Toxicidad gastrointestinal es el principal factor limitante para la aplicación de la terapia de radiación para el cáncer gástrico. Correspondientemente, la clave para reducir la toxicidad debida a la radioterapia es el control de la exposición del tracto gastrointestinal a la radiación. En muchos estudios, IMRT y RA se ha demostrado para reducir la dosis de radiación en el tracto gastrointestinal durante la radioterapia abdominal. Por ejemplo, Minn et al. [30] demostraron que la IMRT reduce intestinal V 45 en comparación con 3DCRT. En otro estudio de 14 casos de metástasis abdominales tratados con radioterapia, Mario et al. [30] informó de que RA y IMRT reducirse la dosis media y dosis máxima para el estómago y el intestino delgado en comparación con 3DCRT. Sin embargo, la diferencia no fue significativa. En el presente estudio, la dosis media (D media) para el intestino delgado, así como V 30 y V 40, se examinaron. D significar para el intestino delgado no difirió significativamente entre los tres métodos de planificación, sin embargo, un análisis gráfico DVH mostró que la IMRT y RA aumentó V 10 y redujo V 30 y V 40 en comparación con 3DCRT. Por lo tanto, el volumen de la región de baja dosis aumentó concomitante con una disminución en el volumen de la región de alta dosis. Estos resultados son consistentes con la observación de que la dosis media no mostró una diferencia significativa.
La médula espinal es un haz de largo, delgado, tubular de tejido nervioso y es susceptible a la lesión de las altas dosis de radiación locales. Kirkpatrick et al. [31] informaron de que la tasa de incidencia de la radiación mielitis es 0,2, 6, y 50% de la dosis total de 50 Gy, 60 Gy, and_69 Gy, respectivamente, cuando se administra en la fracción convencional de 2-Gy por día. Además, según el Grupo de Oncología de Radiación de la Organización Europea para la Investigación y Tratamiento del Cáncer, la dosis de radiación máxima que se debe aplicar a la médula espinal es de 45 Gy, y no debe ser superior a 40 Gy si la quimioterapia se administre el oxaliplatino, así [dieciséis]. Por lo tanto, la dosis máxima para la médula espinal se fija generalmente a no más de 45 Gy. En el presente estudio, las dosis aplicadas a la médula espinal con cada una de las tres técnicas estaban todos dentro de la dosis tolerada. Por otra parte, en comparación con 3DCRT, la D max para la médula espinal con RA se redujo significativamente hasta en un 15,71%.

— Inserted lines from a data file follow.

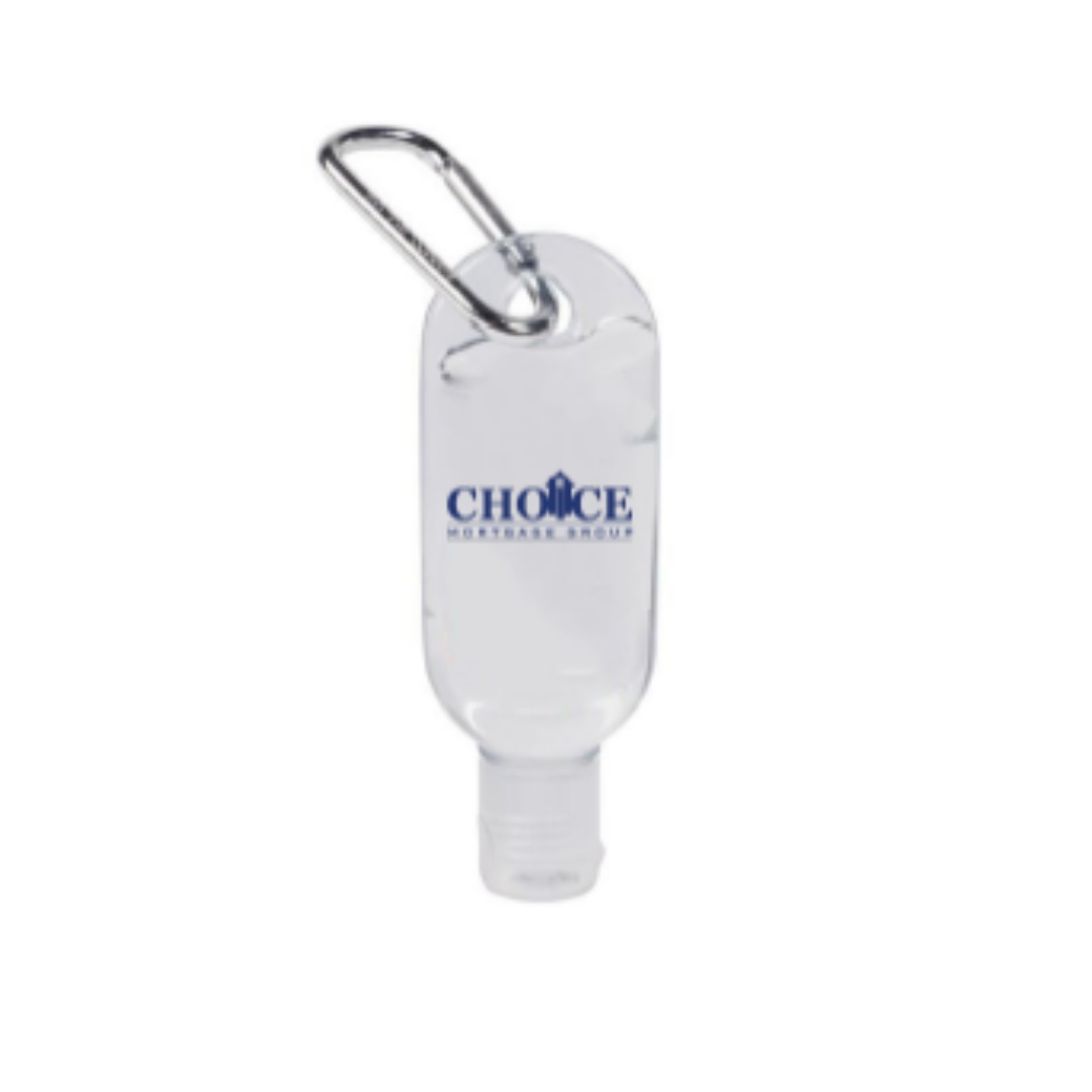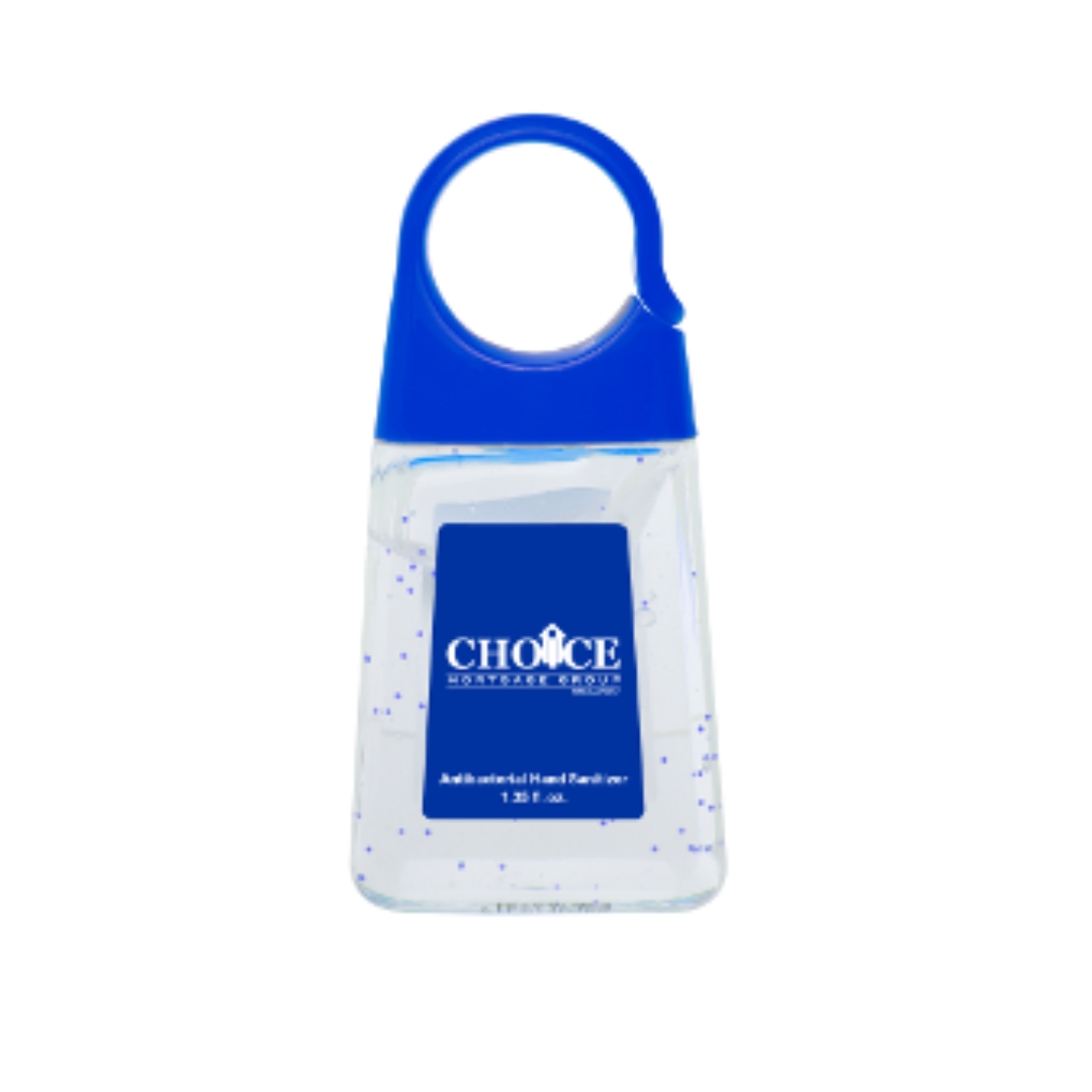 Portable antibacterial hand gel with clip for on-the-go use. 150 minimum quantity.
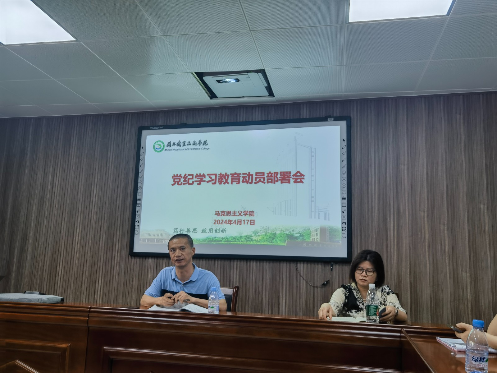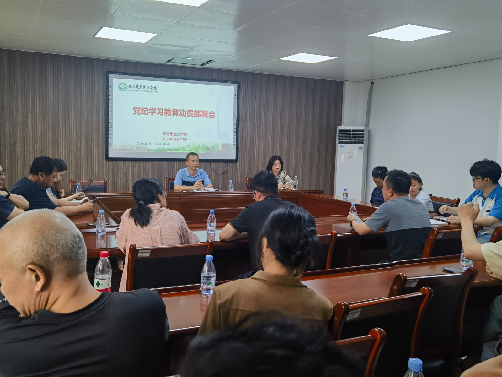 2024年4月17日下午🦕,马克思主义学院在行政楼607会议室召开党纪学习教育动员部署会,全系教职工参加了会议,会议由马克思主义学院院长邱海松同志主持。
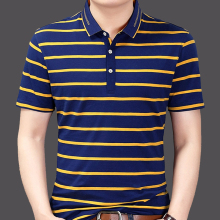 t恤男短袖中年男装翻领大码宽松条纹体恤爸爸装商务休闲上衣丅恤
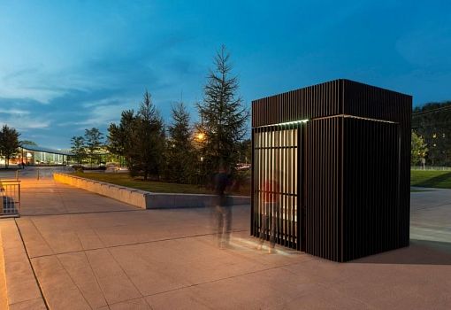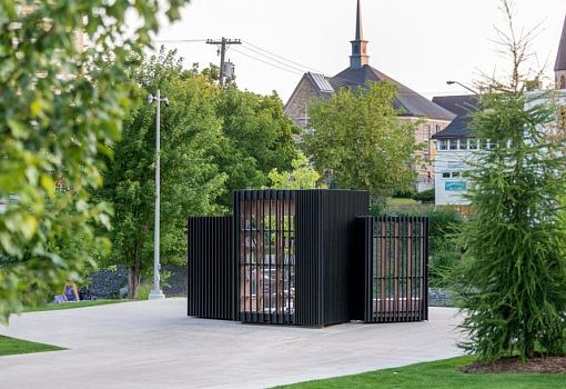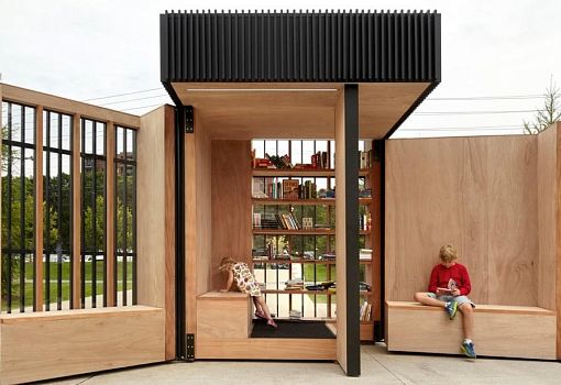 Неординарный проект библиотеки предложили архитекторы бюро Atelier Kastelic Buffey в Онтарио (Канада). Раскладной объем предлагает места для чтения, готовые принять посетителей и днем и ночью. Причем в темное время суток этому способствует светодиодное освещение, работающее от электричества, накопленного солнечными панелями за день. Конструкция выполнена из дерева.

RA es una modalidad adyuvante radioterapia que recientemente se ha desarrollado y se ha utilizado para suministrar altas dosis de radiación a una variedad de tumores. Sin embargo, su papel en el tratamiento del cáncer gástrico sigue siendo controvertido debido a los volúmenes de destino irregulares involucrados y la tolerancia a la radiación baja de la que rodea los órganos críticos. En nuestro estudio anterior, RA proporciona homogeneidad dosis superior en comparación con 3DCRT e IMRT, pero no una mejor protección de la OAR. Por otra parte, mientras que la técnica de arco sola no tuvo éxito, la técnica de doble arco fue capaz de lograr la misma distribución de dosis como IMRT, sin afectar significativamente la OAR y el tejido sano proximal. Esta mejora de la protección de los tejidos de hígado y riñón en comparación con IMRT sugiere una dosis más alta podría aplicarse a un volumen de destino mediante doble RA arco. Sin embargo, es importante tener en cuenta las limitaciones de nuestro estudio también. En primer lugar, no se utilizó una técnica de gating respiratorio, y su influencia en la distribución de dosis no se investigó. Además, el presente estudio tuvo un pequeño tamaño de la muestra y no evaluó la eficacia clínica y toxicidad. Por lo tanto, se necesitan más estudios para confirmar la viabilidad técnica de la aplicación de RA doble arco para el tratamiento del cáncer gástrico, y éstos deben incluir un tamaño y las evaluaciones de la eficacia clínica y la toxicidad de la muestra más grande.
Conclusiones
En resumen, el doble arco RA redujo la dosis máxima aplicada a la zona de destino, se mejoró la conformalidad y la uniformidad de la radiación, y proporcionó suficiente cobertura de PTV. Todos los autores han leído y aprobado el manuscrito final.